Although it is not widely cultivated, Alloxylon flammeum has proven to be by far the most hardy and adaptable (as well as the showiest) member of the genus Alloxylon, and has been grown successfully in as cool a climate as Victoria. It does best in a well-drained soil rich in organic material but low in phosphorus with some shelter when young. Applying mulch to the soil around the plant and extra water in dry spells is beneficial. Fertilisers high in phosphorus content can damage the plant, though fertilisers specifically for Australian native plants can be used. Yellowing of new leaves may indicate chlorosis from iron deficiency and can be remedied with iron chelate or iron sulphate. Its flowers attract birds to gardens. A large tree grows in the Royal Botanic Gardens in Sydney. It is thought that there are more plants in cultivation than there are in the wild.

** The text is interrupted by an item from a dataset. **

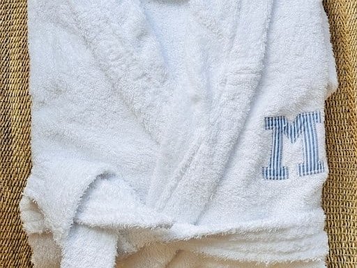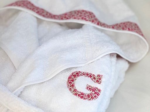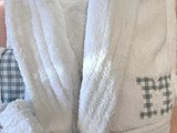 Siempre el detalle lo solemos poner delante en la izquierda del albornoz.
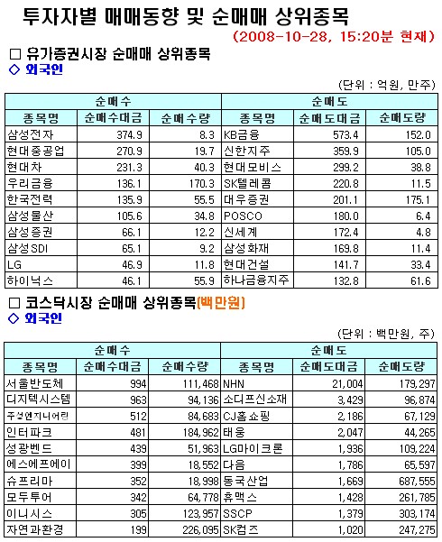 28일 오후 3시 20분 거래소의 잠정집계에 따르면 외국인은 이날 유가증권시장에서 1조2869억원을 매수하고 1조5689억원을 매도해 연속 순매도일을 10거래일로 늘렸다.

Propagation is generally by seed although semi-hardened cuttings have also been successful. Cuttings can be slow to strike, and the resulting plants may have weak root systems early on and need to be supported with stakes. Semi-hardened cuttings have been most successful in experiments applying the rooting hormone indole-3-butyric acid at 8000 milligrams per litre concentration, intermittent misting, and a warmer root temperature of 24 °C. Plants grown from seed may take seven or eight years to flower, with flowering occurring soon after the foliage changes from juvenile to adult leaves. An alternative method used has been to graft mature scions onto young stock to combine a strong root system with material capable of flowering quickly. The species has also been considered as a rootstock for the considerably harder to grow A. pinnatum. Alloxylon flammeum has potential as a cut flower crop. Its soft silky timber resembles that of oak and is highly regarded.